Instructions for the task
An exact transcription of all the data is required; the pictures are to be left out.

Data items
'''
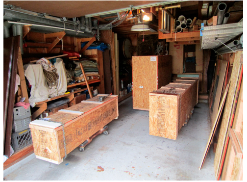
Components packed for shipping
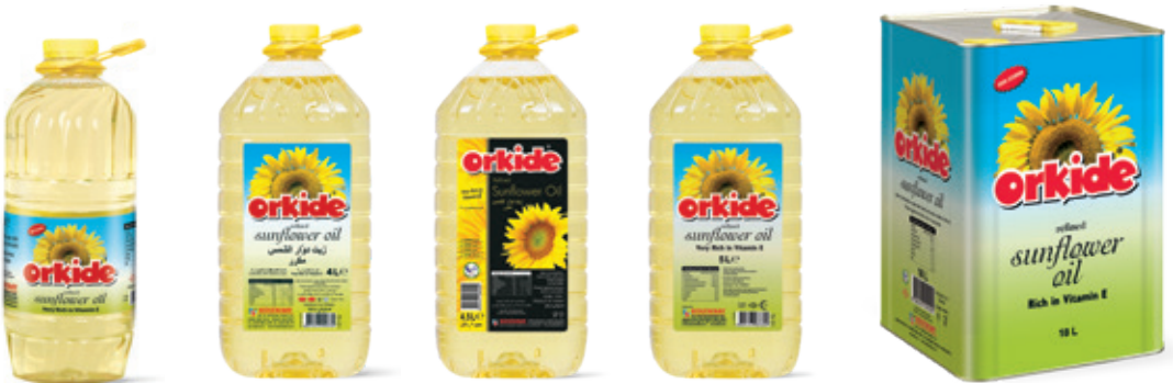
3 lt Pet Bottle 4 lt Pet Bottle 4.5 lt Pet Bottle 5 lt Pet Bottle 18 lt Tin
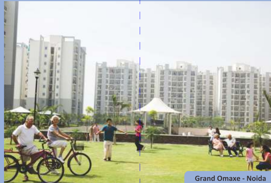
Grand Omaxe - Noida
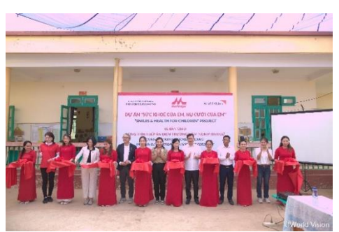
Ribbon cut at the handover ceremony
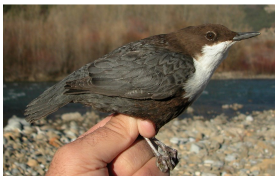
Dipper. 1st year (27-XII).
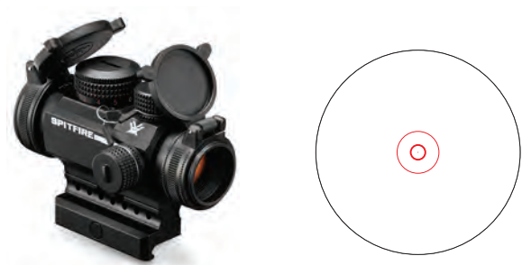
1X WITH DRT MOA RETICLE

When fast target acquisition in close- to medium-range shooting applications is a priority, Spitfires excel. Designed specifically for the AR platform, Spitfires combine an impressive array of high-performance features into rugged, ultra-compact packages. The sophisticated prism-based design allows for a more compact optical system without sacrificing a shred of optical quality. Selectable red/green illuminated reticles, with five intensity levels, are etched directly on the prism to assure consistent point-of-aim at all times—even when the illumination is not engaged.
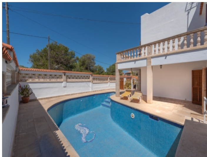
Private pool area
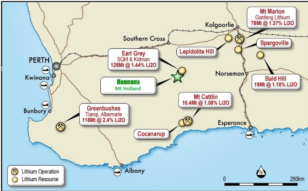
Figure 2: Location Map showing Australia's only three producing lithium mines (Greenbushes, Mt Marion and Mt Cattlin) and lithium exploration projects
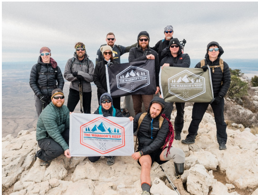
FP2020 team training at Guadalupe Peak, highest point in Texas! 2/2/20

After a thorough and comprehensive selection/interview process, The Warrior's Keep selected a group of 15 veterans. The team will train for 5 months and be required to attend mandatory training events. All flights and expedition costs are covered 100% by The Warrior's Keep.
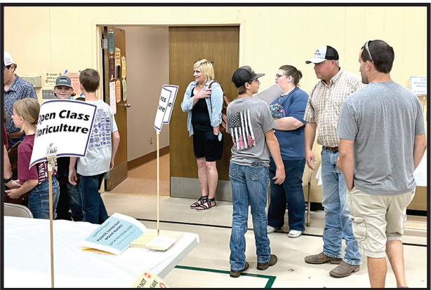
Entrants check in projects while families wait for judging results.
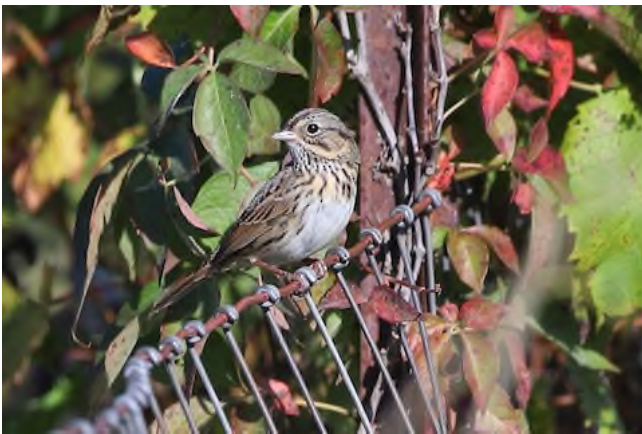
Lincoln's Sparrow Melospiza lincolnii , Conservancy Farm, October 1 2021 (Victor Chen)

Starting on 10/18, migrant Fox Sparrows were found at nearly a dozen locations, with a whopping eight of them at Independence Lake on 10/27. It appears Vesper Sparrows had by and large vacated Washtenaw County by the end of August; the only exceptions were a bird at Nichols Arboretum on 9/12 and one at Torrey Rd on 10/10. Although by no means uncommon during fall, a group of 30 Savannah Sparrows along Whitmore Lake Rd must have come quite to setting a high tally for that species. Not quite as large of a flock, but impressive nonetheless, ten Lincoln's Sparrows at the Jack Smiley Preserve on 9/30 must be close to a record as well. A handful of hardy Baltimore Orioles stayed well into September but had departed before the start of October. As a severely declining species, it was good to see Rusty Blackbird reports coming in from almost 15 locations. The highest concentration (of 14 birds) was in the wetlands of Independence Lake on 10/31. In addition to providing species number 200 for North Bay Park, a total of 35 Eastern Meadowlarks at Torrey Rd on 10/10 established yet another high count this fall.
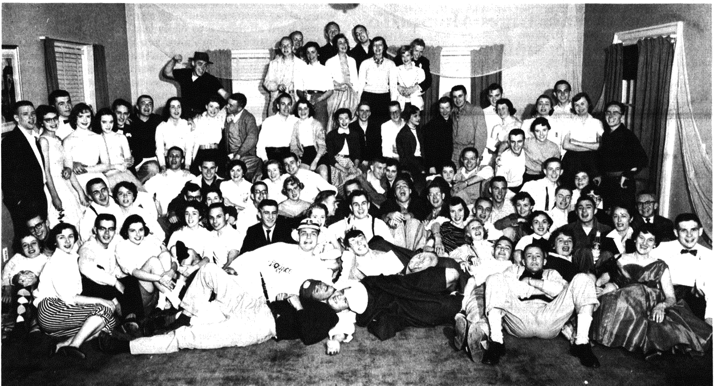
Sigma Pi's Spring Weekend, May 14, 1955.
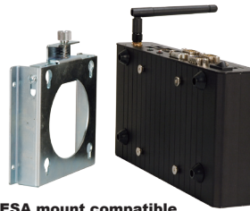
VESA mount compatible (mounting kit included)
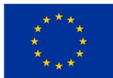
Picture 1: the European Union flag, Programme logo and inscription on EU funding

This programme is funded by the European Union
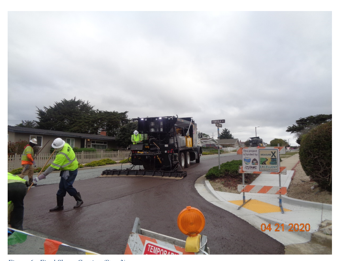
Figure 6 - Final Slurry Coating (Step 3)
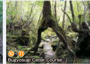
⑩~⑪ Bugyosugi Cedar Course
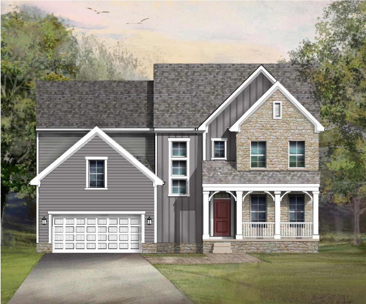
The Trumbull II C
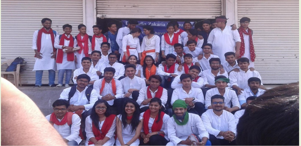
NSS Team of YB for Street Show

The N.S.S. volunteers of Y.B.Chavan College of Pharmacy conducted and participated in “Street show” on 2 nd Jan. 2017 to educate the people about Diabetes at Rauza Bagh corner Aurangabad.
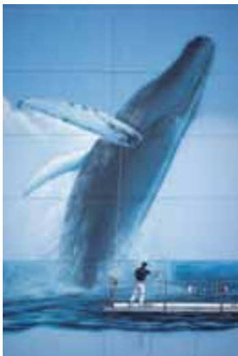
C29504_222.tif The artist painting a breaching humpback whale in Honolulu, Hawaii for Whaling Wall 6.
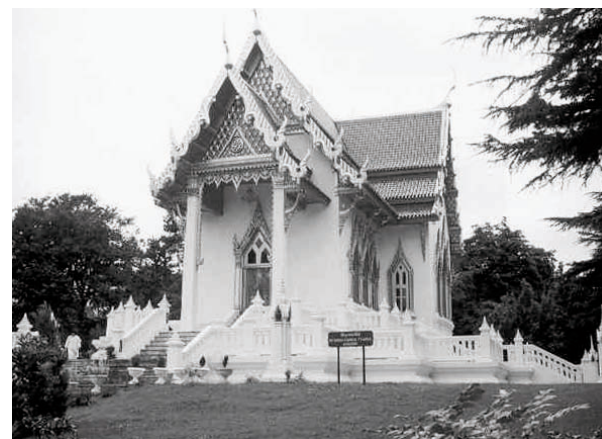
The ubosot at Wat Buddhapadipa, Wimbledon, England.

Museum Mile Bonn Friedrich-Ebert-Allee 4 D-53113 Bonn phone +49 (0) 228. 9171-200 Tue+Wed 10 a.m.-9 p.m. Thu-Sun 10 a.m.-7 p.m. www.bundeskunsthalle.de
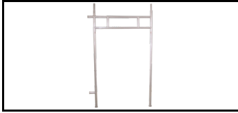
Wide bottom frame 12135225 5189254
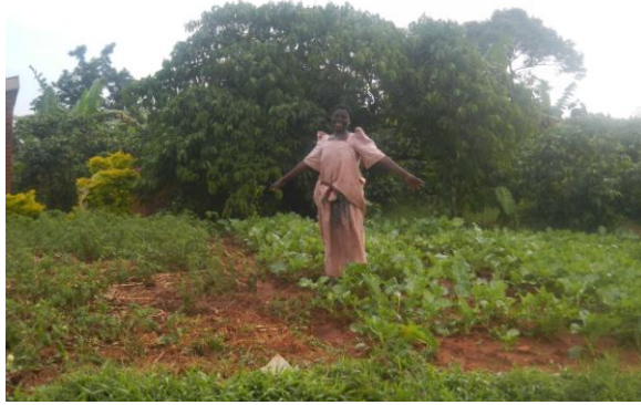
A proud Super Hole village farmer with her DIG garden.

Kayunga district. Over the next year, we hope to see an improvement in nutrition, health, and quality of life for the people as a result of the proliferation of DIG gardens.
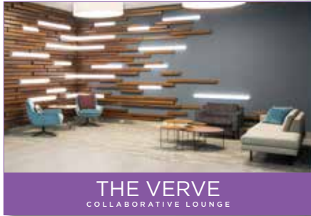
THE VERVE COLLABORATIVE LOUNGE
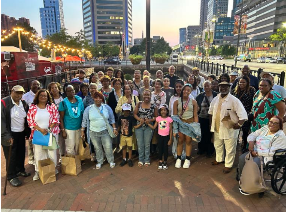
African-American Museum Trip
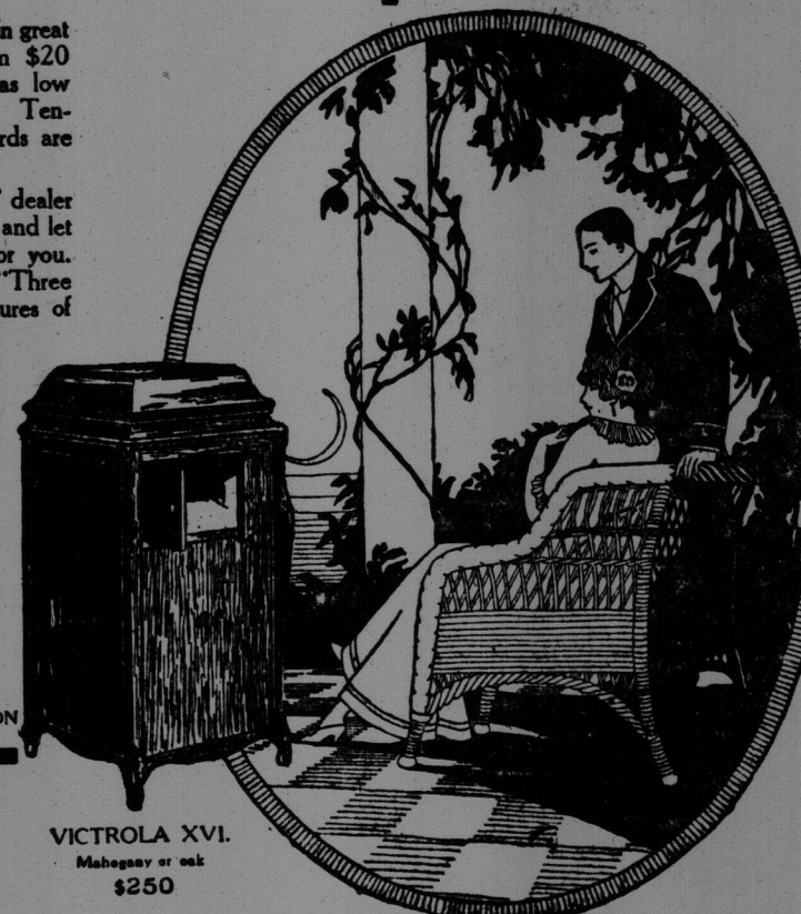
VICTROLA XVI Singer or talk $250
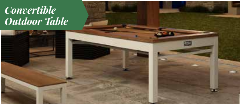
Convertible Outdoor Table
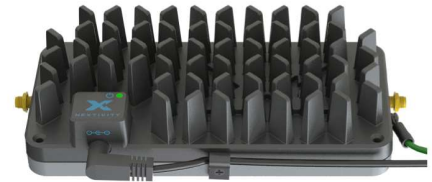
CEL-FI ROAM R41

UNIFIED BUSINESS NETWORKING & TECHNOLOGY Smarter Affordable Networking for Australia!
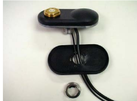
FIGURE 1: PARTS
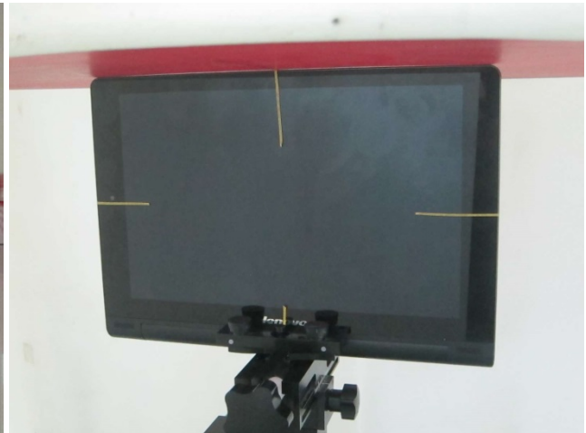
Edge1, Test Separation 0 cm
'''
Exercise output
Components packed for shipping
3 lt Pet Bottle 4 lt Pet Bottle 4.5 lt Pet Bottle 5 lt Pet Bottle 18 lt Tin
Grand Omaxe - Noida
Ribbon cut at the handover ceremony
Dipper. 1st year (27-XII).
1X WITH DRT MOA RETICLE

When fast target acquisition in close- to medium-range shooting applications is a priority, Spitfires excel. Designed specifically for the AR platform, Spitfires combine an impressive array of high-performance features into rugged, ultra-compact packages. The sophisticated prism-based design allows for a more compact optical system without sacrificing a shred of optical quality. Selectable red/green illuminated reticles, with five intensity levels, are etched directly on the prism to assure consistent point-of-aim at all times—even when the illumination is not engaged.
Private pool area
Figure 2: Location Map showing Australia's only three producing lithium mines (Greenbushes, Mt Marion and Mt Cattlin) and lithium exploration projects
FP2020 team training at Guadalupe Peak, highest point in Texas! 2/2/20

After a thorough and comprehensive selection/interview process, The Warrior's Keep selected a group of 15 veterans. The team will train for 5 months and be required to attend mandatory training events. All flights and expedition costs are covered 100% by The Warrior's Keep.
Entrants check in projects while families wait for judging results.
Lincoln's Sparrow Melospiza lincolnii , Conservancy Farm, October 1 2021 (Victor Chen)

Starting on 10/18, migrant Fox Sparrows were found at nearly a dozen locations, with a whopping eight of them at Independence Lake on 10/27. It appears Vesper Sparrows had by and large vacated Washtenaw County by the end of August; the only exceptions were a bird at Nichols Arboretum on 9/12 and one at Torrey Rd on 10/10. Although by no means uncommon during fall, a group of 30 Savannah Sparrows along Whitmore Lake Rd must have come quite to setting a high tally for that species. Not quite as large of a flock, but impressive nonetheless, ten Lincoln's Sparrows at the Jack Smiley Preserve on 9/30 must be close to a record as well. A handful of hardy Baltimore Orioles stayed well into September but had departed before the start of October. As a severely declining species, it was good to see Rusty Blackbird reports coming in from almost 15 locations. The highest concentration (of 14 birds) was in the wetlands of Independence Lake on 10/31. In addition to providing species number 200 for North Bay Park, a total of 35 Eastern Meadowlarks at Torrey Rd on 10/10 established yet another high count this fall.
Sigma Pi's Spring Weekend, May 14, 1955.
VESA mount compatible (mounting kit included)
Picture 1: the European Union flag, Programme logo and inscription on EU funding

This programme is funded by the European Union
Figure 6 - Final Slurry Coating (Step 3)
⑩~⑪ Bugyosugi Cedar Course
The Trumbull II C
NSS Team of YB for Street Show

The N.S.S. volunteers of Y.B.Chavan College of Pharmacy conducted and participated in “Street show” on 2 nd Jan. 2017 to educate the people about Diabetes at Rauza Bagh corner Aurangabad.
C29504_222.tif The artist painting a breaching humpback whale in Honolulu, Hawaii for Whaling Wall 6.
The ubosot at Wat Buddhapadipa, Wimbledon, England.

Museum Mile Bonn Friedrich-Ebert-Allee 4 D-53113 Bonn phone +49 (0) 228. 9171-200 Tue+Wed 10 a.m.-9 p.m. Thu-Sun 10 a.m.-7 p.m. www.bundeskunsthalle.de
Wide bottom frame 12135225 5189254
A proud Super Hole village farmer with her DIG garden.

Kayunga district. Over the next year, we hope to see an improvement in nutrition, health, and quality of life for the people as a result of the proliferation of DIG gardens.
THE VERVE COLLABORATIVE LOUNGE
African-American Museum Trip
VICTROLA XVI Singer or talk $250
Convertible Outdoor Table
CEL-FI ROAM R41

UNIFIED BUSINESS NETWORKING & TECHNOLOGY Smarter Affordable Networking for Australia!
FIGURE 1: PARTS
Edge1, Test Separation 0 cm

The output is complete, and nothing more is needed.